Frente a ellos, lentamente, comenzaron a materializarse tres figuras hechas de luz y energía: Minato Namikaze, Kushina Uzumaki, y Jiraiya. Al principio, eran siluetas tenues... pero pronto sus rostros se definieron, con sonrisas suaves y ojos llenos de emoción.
—¿Naruto...? —murmuró Kushina, avanzando un paso—. ¿Es esto... real?
—Más real de lo que puedo explicar —dijo él, con los ojos llenos de lágrimas.
—Hij... hijo... —susurró Minato, observándolo con ternura—. Qué grande estás.
Jiraiya soltó una risa emocionada y se cruzó de brazos.
—¡Lo lograste, mocoso! Eres Hokage, esposo... ¡y padre! ¡Qué gran final para mi libro!
Sakura, de rodillas junto al bebé, no pudo evitar llorar al ver a los tres. Se inclinó suavemente, con reverencia.
—Gracias... por darle a este mundo a Naruto. Por todo lo que hicieron por él.
Kushina corrió hacia el bebé, arrodillándose con lágrimas que caían de sus mejillas encendidas de emoción.
—¿Este es...? ¿Mi nieto?
—Se llama Minato —dijo Sakura con una sonrisa—. En honor a su abuelo.
Minato se acercó también, arrodillándose junto a Kushina.
—Tiene tu cabello —murmuró.
—Y tus ojos —añadió Kushina—. Es perfecto.
Jiraiya se acercó por detrás, poniéndose en cuclillas, con una sonrisa nostálgica.
—Vaya... creo que estoy oficialmente viejo. Soy un abuelo espiritual.

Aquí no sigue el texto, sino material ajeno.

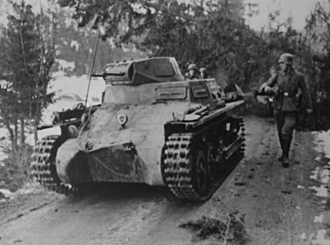 A german PzKpfw I A passing a norwegian roadblock at Bergsund south of Bagn in Sør-Aurdal, Norway, in the evening of 18. april 1940. See also Kampene langs Randsfjorden, i Ådalen og Valdres.

Naruto se acercó, y los tres lo abrazaron. Por unos segundos, no hubo palabras. Solo un círculo de luz, amor y emoción contenida durante años.

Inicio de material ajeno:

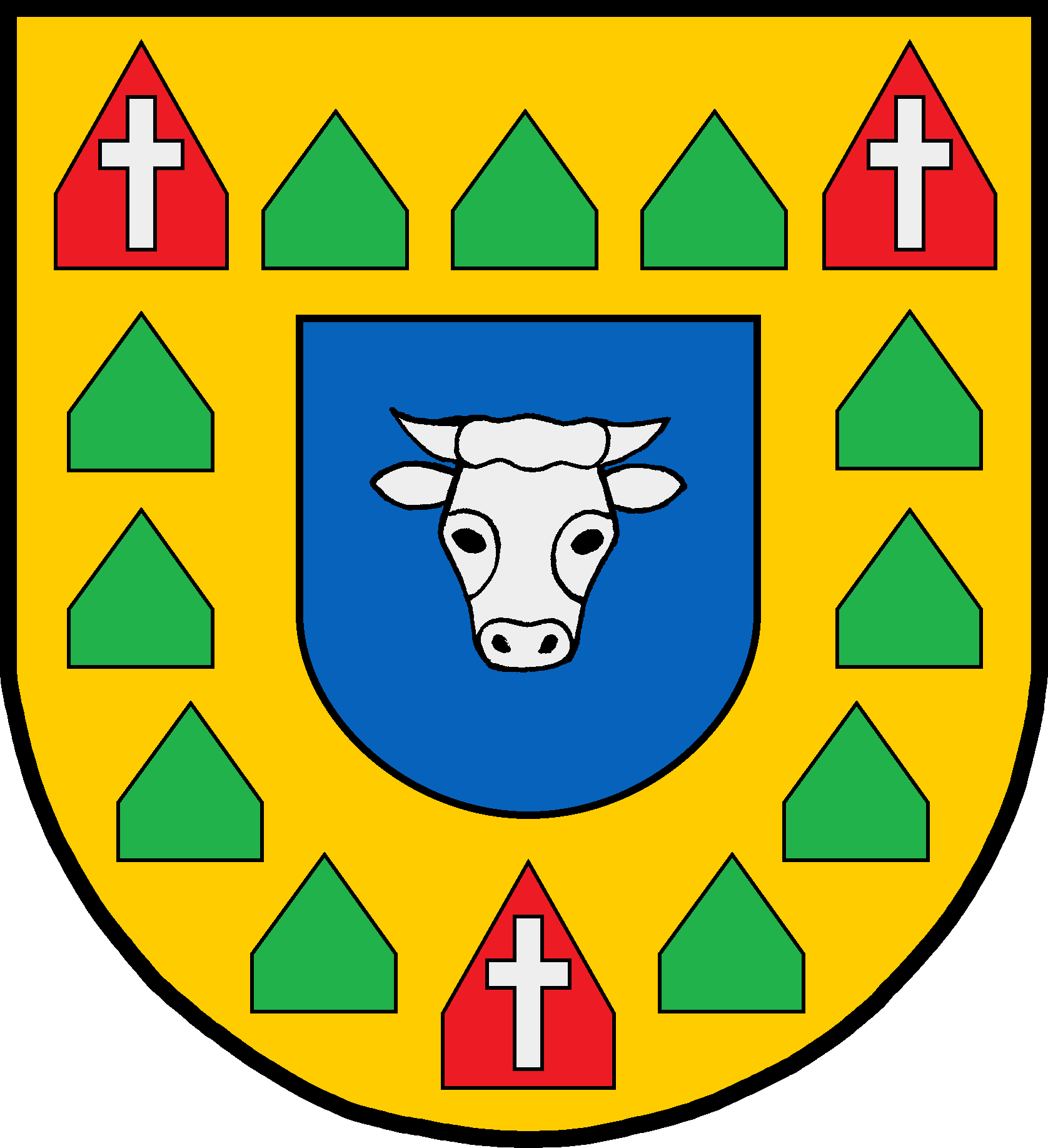 Coat of arms of the Amt (county) Bredstedt-Land in Schleswig-Holstein, Germany.

—Gracias, Naruto —susurró Minato—. Por convertirte en todo lo que soñamos. Y por mantener la paz.
—Y por formar una familia hermosa —dijo Kushina, tomando la mano de Sakura—. No podría haber pedido una mejor nuera.

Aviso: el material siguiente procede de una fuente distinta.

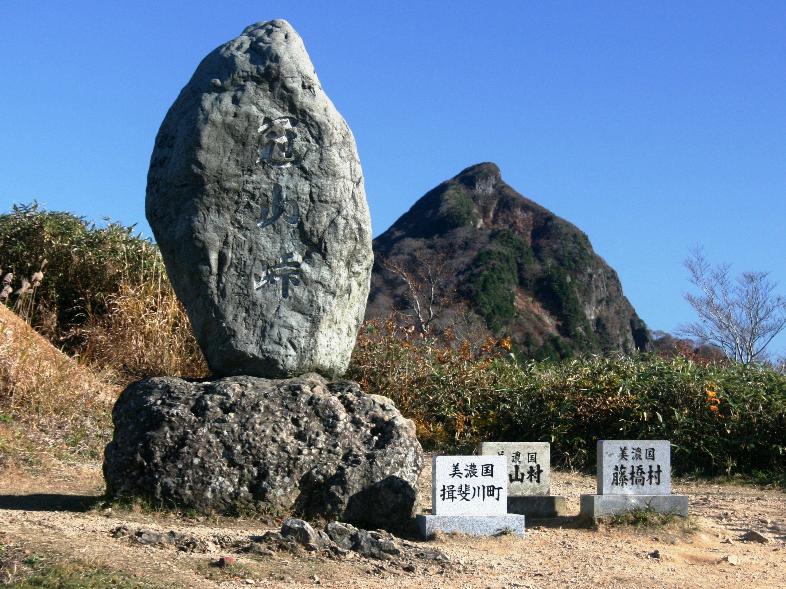 Mount Kanmuri seen from Kanmuriyama Pass

Sakura soltó una risa entre lágrimas.
—Gracias, señora Kushina...
—¡Dime solo Kushina! —rió ella—. Soy joven todavía... más o menos.
—¿Y yo qué? —intervino Jiraiya—. ¿Nadie va a decir que este chico es tan guapo gracias a mi influencia?
Naruto soltó una carcajada.
—Claro, Ero-sennin. El niño heredó tu sentido del humor. Espero que no también tus libros...
Todos rieron, incluso Sakura, mientras acariciaba la cabeza de su bebé.
El tiempo se desvanecía, y las figuras comenzaron a brillar más fuerte. Kushina miró a su nieto con adoración.
—Minato... pequeño. Aunque no estemos, siempre estarás rodeado de amor.
Minato Namikaze asintió.
—Y algún día, Naruto, cuando sea su turno de proteger la aldea, él también lo hará con el mismo corazón que tú.
Jiraiya alzó una ceja.
—Y espero que no escriba libros sobre mujeres... aunque si lo hace, que me dedique uno.
Naruto y Sakura rieron entre lágrimas. Y luego, en un destello de luz suave, los tres desaparecieron, dejando un calor en el aire, como si hubieran sido abrazados por la propia historia.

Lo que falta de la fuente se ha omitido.